“Nay, two—mirth—we have cast our sorrows behind us. You said I was a dove, so be it—a pair of doves, perhaps wounded, lamed—but we coo into each other’s ear, and lay our aching hearts together and so obtain solace.”
“I will refuse you nothing,” said Domitia, again kissing her visitor.
Accordingly, a couple of hours later the two ladies started, Domitia taking with her some attendants, but travelling, as was proposed, in the large litter of Domitilla.
This latter lady was, as already mentioned, the widow of Clemens, one of the two sons of Flavius Sabinus, præfect of the city, who had held the Capitol against the Prætorians of Vitellius and had been murdered but a few hours before Rome was entered by the troops that favored his brother Vespasian. On that occasion his sons had escaped, and the elder was married to Julia, daughter of Titus, but had been put to death by Domitian. The younger brother, Clemens, a quiet, inoffensive man, who took no part in public affairs, had been executed as well, shortly before Domitian himself perished.

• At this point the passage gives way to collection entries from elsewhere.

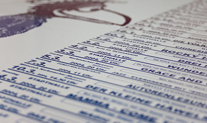 Hier werden z.B. Aufkleber, Plakatpapiere oder Displays bedruckt, aber auch der Bedruck von festen Platten wie Aluverbund oder Hartschaum ist möglich. Der Flachsiebdruck ist immer dann die richtige Wahl, wenn es um größere Auflagen geht oder wenn spezielle Farben zum Einsatz kommen sollen, die im Digitaldruck nicht möglich sind. Beispiele hierfür sind: Tagesleuchtfarben, nachleuchtende Farbe, Metallicfarben, Schäume oder auch Rubbellosfarbe etc..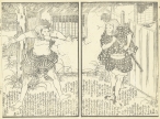 江戸時代後期の草双紙「明鴉墨画廼裲襠 (あけがらすすみえのうちかけ)」からの一枚。
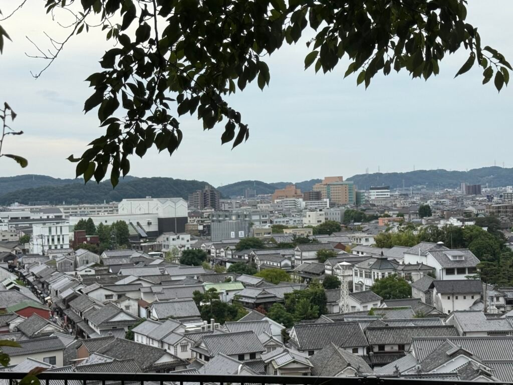 從神社俯瞰整個美觀地區,視野非常開闊,白牆黑瓦的街道與河岸盡收眼底。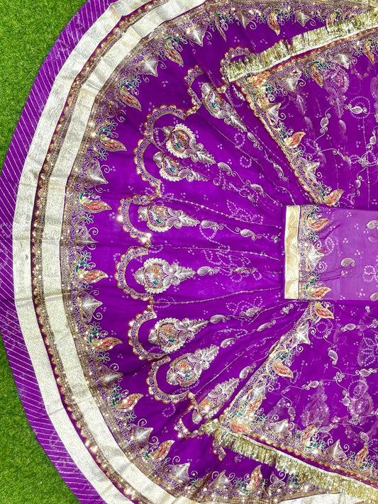 Designer Gorgette 7 meter full Gher Premium quality Rajputi Poshak in Purple-91248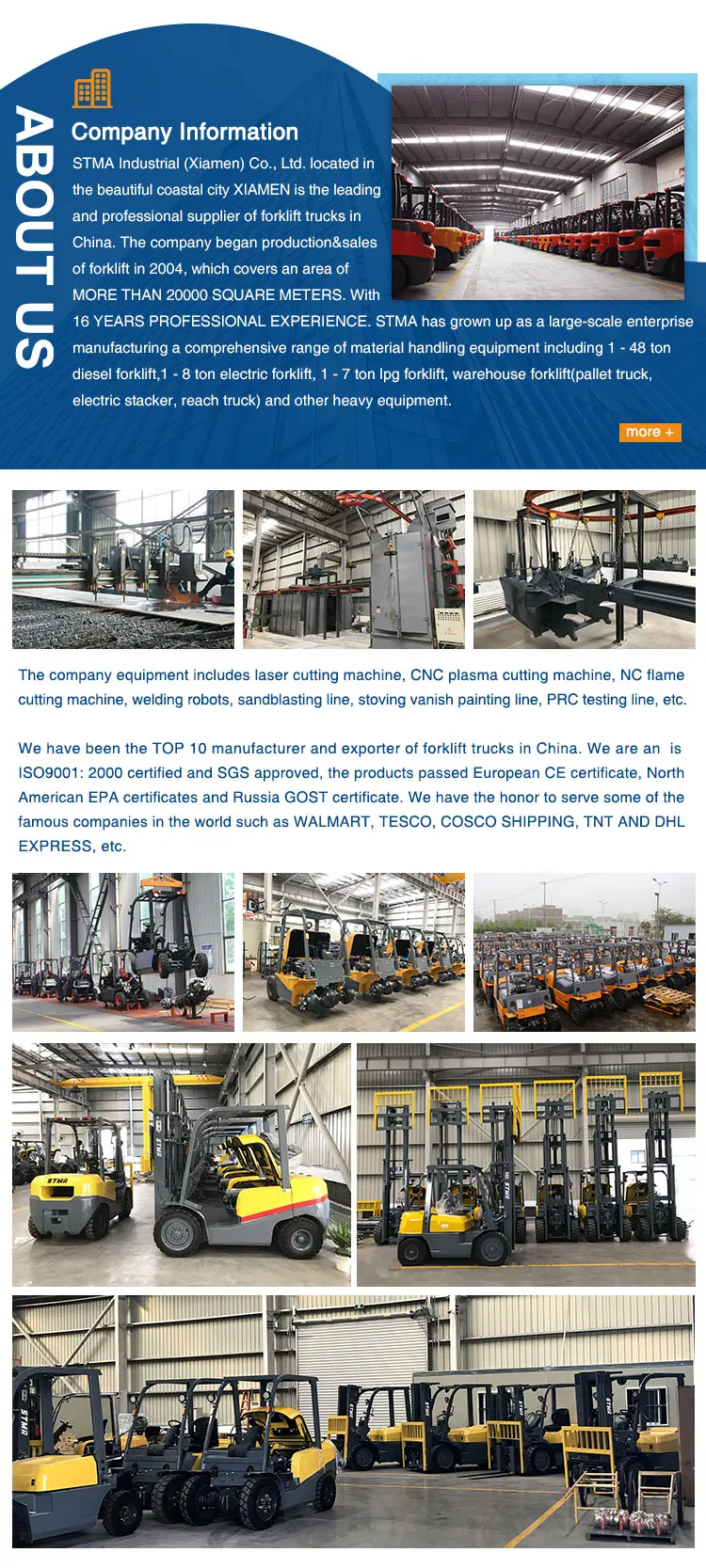 1. STMA Warranty: 1 years or 2000 working hours spare parts warranty for STMA forklifts which occurs first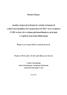 Tytuł: Analiza ekspresji wybranych cytokin związanych z aktywnością limfocytów pomocniczych Th17 oraz receptora CCR3 u chorych z rakiem płaskonabłonkowym krtani w aspekcie znaczenia klinicznego
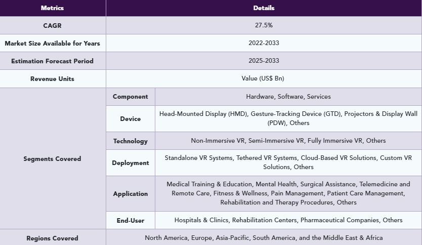 新たなトレンドとしては、即時遠隔診断のためのVRと人工知能および5Gの融合、没入型トレーニングおよび患者エンゲージメントのためのヘッドマウントディスプレイ(HMD)の広範な採用、メンタルヘルス、疼痛管理、PTSDや恐怖症などの疾患に対する暴露療法へのVRの拡張などがあります。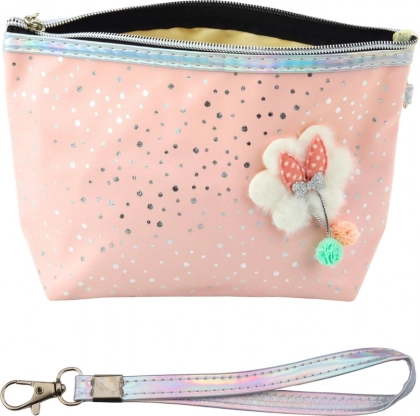 Pudrasto rožnata peresnica kozmetična torbica z mašno in bleščicami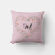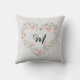 Roze Sinaasappel Bloemen en Groen Hart Monogram Kussen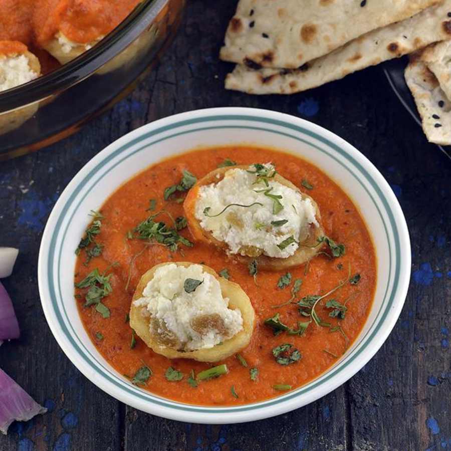 নাম গালভরা। তবে বিষয়টি খুব কঠিন নয়। চেনা পুর ভরা আলুরদমই। তবে একটু অন্য পদ্ধতিতে। অন্য স্বাদে। এখানে ভাজা আলুর খোলে ভরা থাকবে হালকা মশলায় মাখানো সুস্বাদু পনিরের পুর। তার পরে তাকে ফেলা হবে মশলাদার গ্রেভি বা কারির ভিতরে।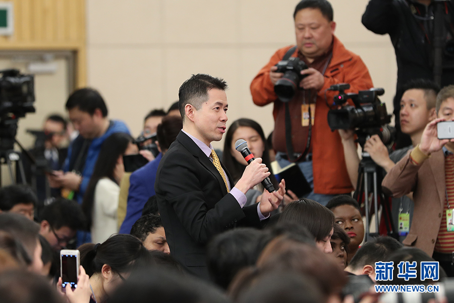 十二屆全國人大五次會議新聞中心于3月8日(星期三)10時在梅地亞中心多功能廳舉行記者會,邀請外交部部長王毅就“中國的外交政策和對外關系”的相關問題回答中外記者的提問。圖為美國有線電視新聞網記者提問。新華網/中國政府網?翟子赫 攝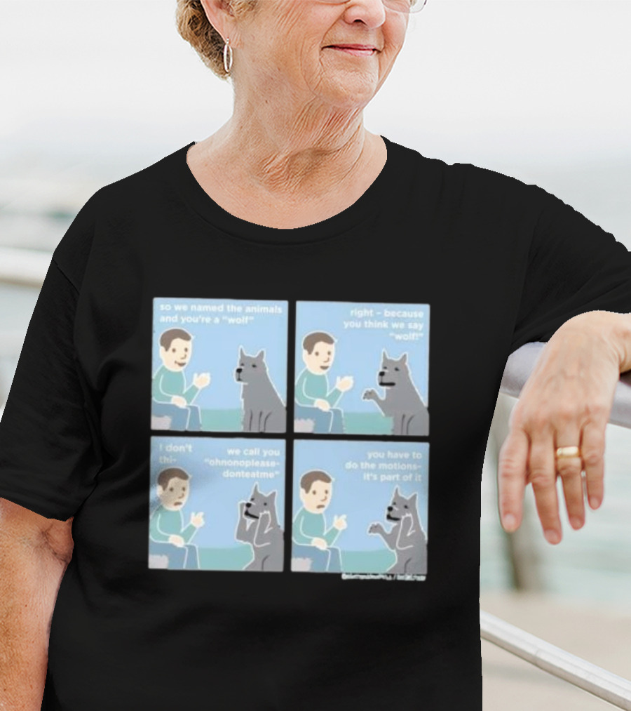 So We Named The Animals And You're A Wolf Right Because You Think We Say Wolf Oh Non Please Don't Eat Me You Have To Do The Motion It's Part Of It T-Shirt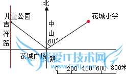 即:在平面图上花城小学在花城广场北偏东60°方向4厘米,由此画图如下;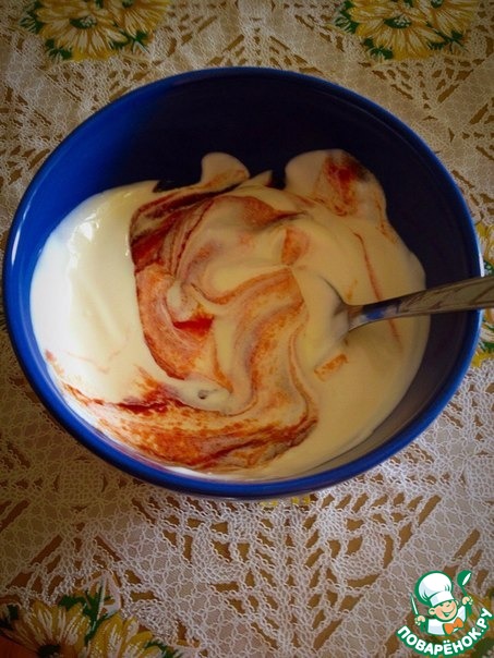 Смешайте 3 ст л сметаны с 2 ст л томатной пасты.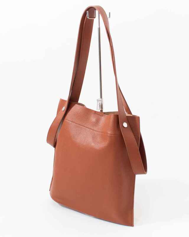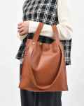 くるりとハンドルを回すとロングとショートの2通りの持ち方が出来る2デザインバッグ薄マチながら、底に隠しマチが付いているので大容量

And now Flavia Domitilla lived quietly on her estate not far from the Ardeatine Gate of Rome.
“How!” said Flavia, suddenly, as she espied the little cornelian suspended on the bosom of Domitia, “you have the Fish!”
“Yes, Glyceria gave it me—long ago.”
“Do you know what it means?”
“Glyceria told me—but it is a dream, a beautiful fancy, nothing more. There is no evidence.”
“Domitia, you have not sought for it.”